2 jam Sebelum Frederico pergi keluar untuk janji, dia sempat membaca buku diari yang telah dia tulis di bukunya. Frederico menceritakan tentang kehidupan di dunia nyata saat dia meninggalkan gensokyo selama 20 tahun.
"Dunia nyata….. benar. Ini tempat yang aku dan seluruh keluargaku dilahirkan. Walaupun status sekarang adalah masyarakat gensokyo, aku tidak lupa dengan dunia ini. Dunia yang penuh kenangan baik manis maupun pahit."

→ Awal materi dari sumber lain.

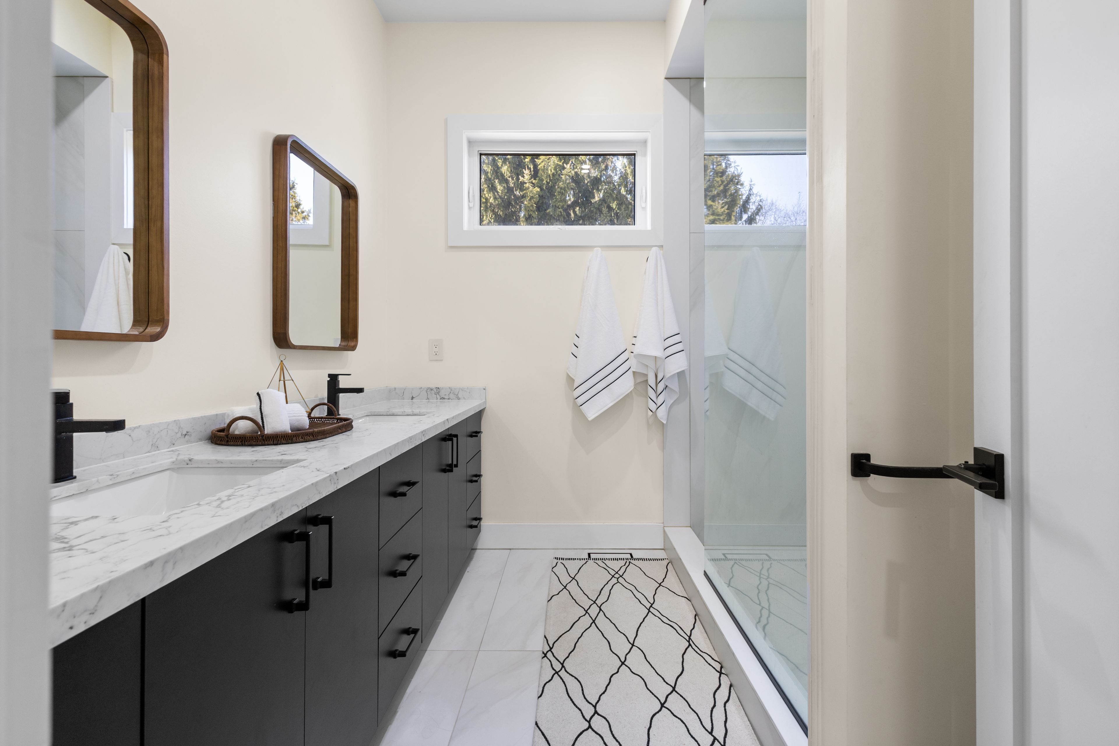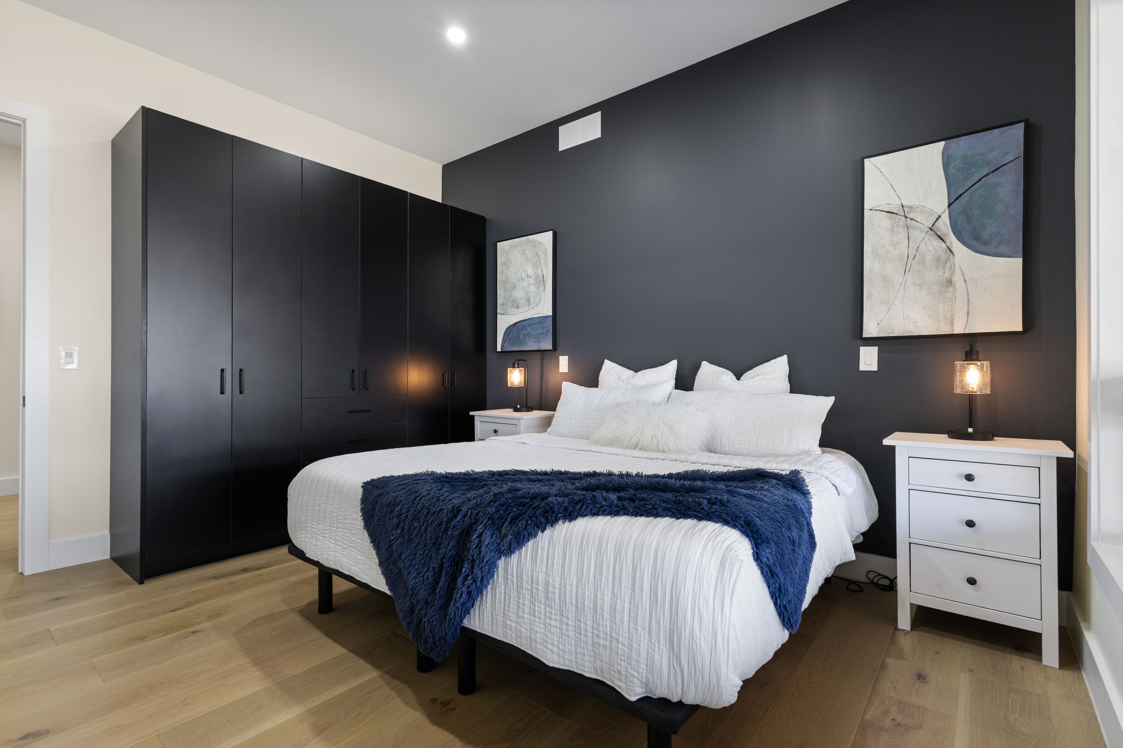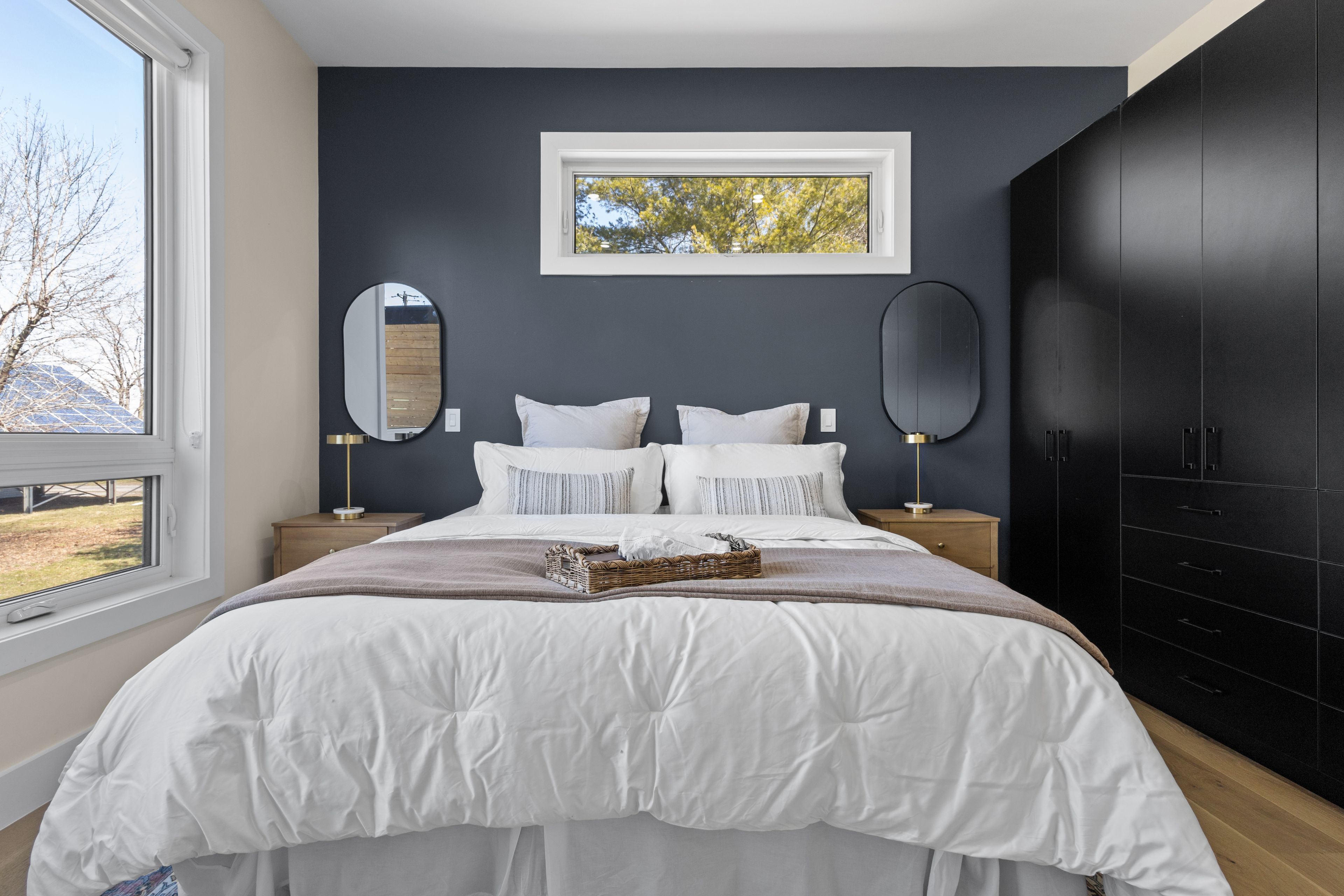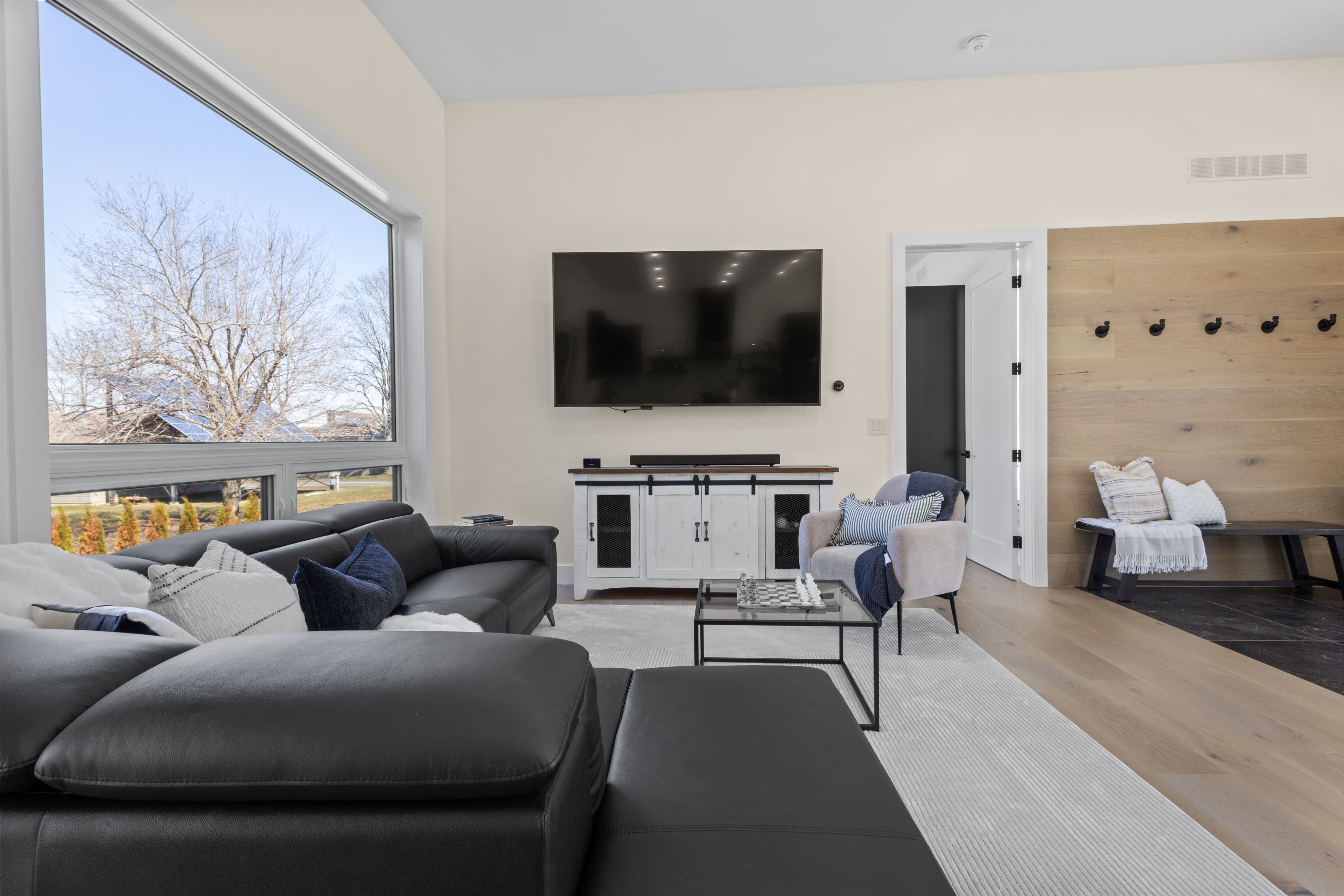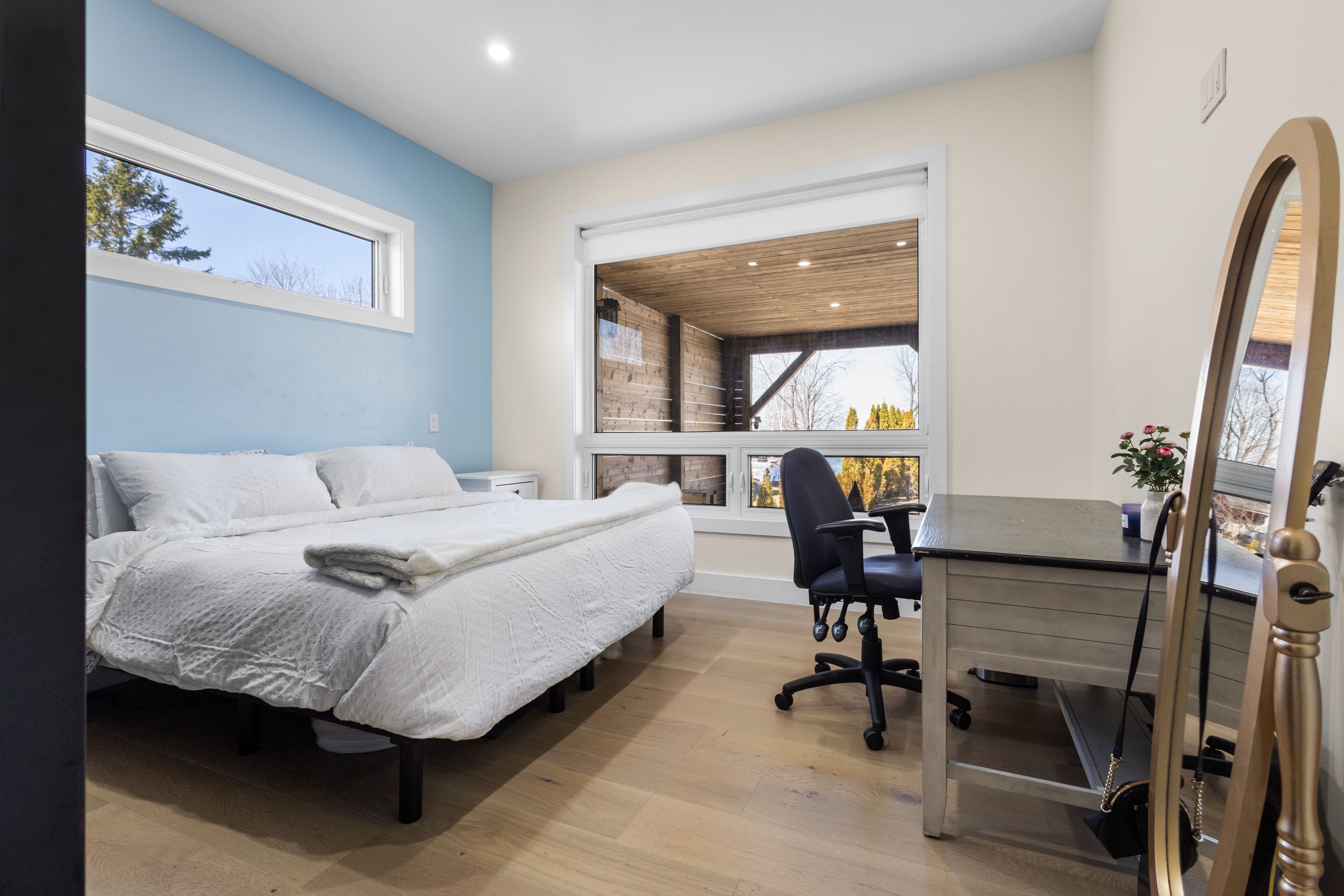 Stunning modern waterfront home set on over 1.6 acres with approximately 150 feet of private shoreline on the Bay of Quinte, located along one of the most exclusive stretches in Prince Edward County. This newly constructed custom bungalow showcases a high level of construction throughout, featuring a striking stucco and brick exterior, stamped concrete driveway, patio, and walkways. Inside, the home offers 3+3 bedrooms and 3 bathrooms across two fully finished levels, with water views from nearly every room. The main living area features 12-foot ceilings, 10-foot ceilings in the bedrooms, oversized Alcabri windows, 8-foot doors, and custom cabinetry throughout, complimented by 9-inch engineered white oak flooring. The kitchen includes a 10 x 5 quartz waterfall island with hidden storage, dual sink, continuous quartz backsplash, and Café appliances. The primary suite offers a 5-piece ensuite with double sinks, soaker tub, and glass walk-in shower, along with a 12-foot sliding door leading to a 55 x 21 covered patio. The lower level features 8-foot ceilings, a large rec room, gym area, powder room, laundry with quartz counters, and 3 additional bedrooms with oversized windows. Connected through a heated and cooled flex space is a 40.5 x 28.5 garage with 13-foot ceilings, pot lights, and 12-inch concrete flooring. The waterfront includes a 20-foot composite cantilever dock, armour stone shoreline, and firepit patio. The lot allows for a secondary dwelling. A well-executed waterfront home in Prince Edward County.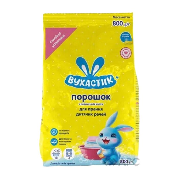 Стиральный порошок Вухастик автомат 800 г – это универсальное средство, подходящее как для ручной так и машинной стирки. Он помогает очищать любые загрязнения именно на детской одежде. Поскольку кожа малышей очень нежная и подвержена аллергическим реакциям, то она нуждается в особенно мягком уходе, с исключением всех вредных веществ, поэтому состав данного средства полностью безопасен.
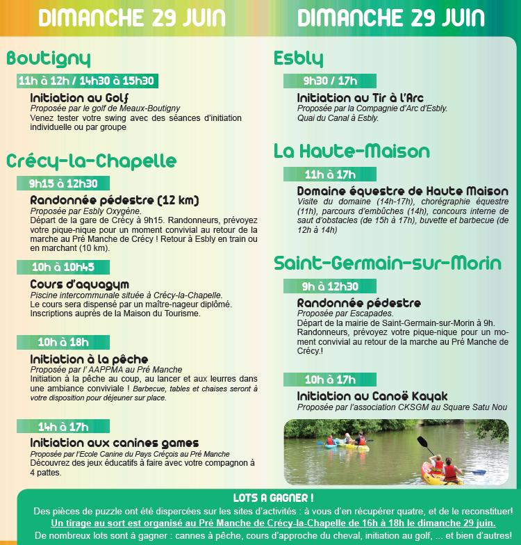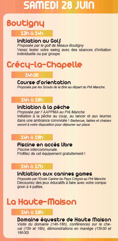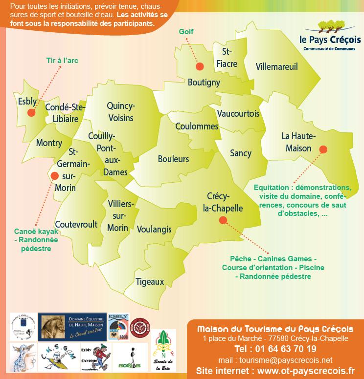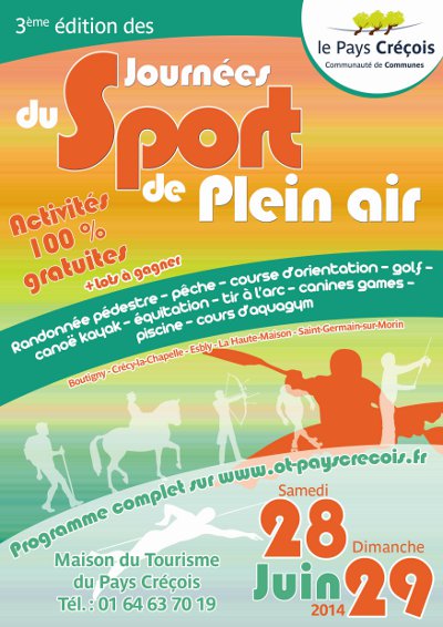 La Communauté de Communes du Pays Créçois organise la 3ème édition des journées du sport de plein air les 28 et 29 juin 2014. Activités 100 % gratuites sur les communes de Boutigny, Crécy-la-Chapelle, Esbly, La Haute-Maison et Saint-Germain-sur-Morin.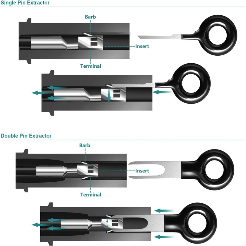 - 【Wide Applications】 This terminal ejector kit tool is suitable for most connector terminals, such as automobiles, motorcycles and other electronic vehicles.

"Seperti halnya, insiden scarlet berdarah. Insiden itu tidak akan ku lupakan. Karena…. Insiden tersebut merenggut nyawa adikku yang masih belasan tahun. Dia harus belajar apa arti kehidupan, namun dia sudah telah tiada. Sangat menyedihkan."
"Sudah….. aku tidak mau mengingatnya kejadian yang pahit itu. Karena membuat aku sedih lagi. Sekarang, aku akan menceritakan apa yang aku lakukan di dunia nyata selama 20 tahun ini. "
"Aku dan saudara-saudari sepupu mempunyai misi penting, yaitu menghentikan saudara sepupu yang bernama Lorezon dan Rebecca Scarlet. Mereka sudah dan ingin mengaktifkan senjata tua milik keluarga kami. Scarlet Mind Control… senjata ini adalah milik generasi lama Scarlet. Senjata ini disimpan Scarlet Devil Mansion, yang berada di gensokyo. Sebelumnya, SDM bukan berada di gensokyo tapi di dunia ini. Ayahku yang memindahkan SDM ke gensokyo, agar mereka tidak mengaktifkan senjata itu."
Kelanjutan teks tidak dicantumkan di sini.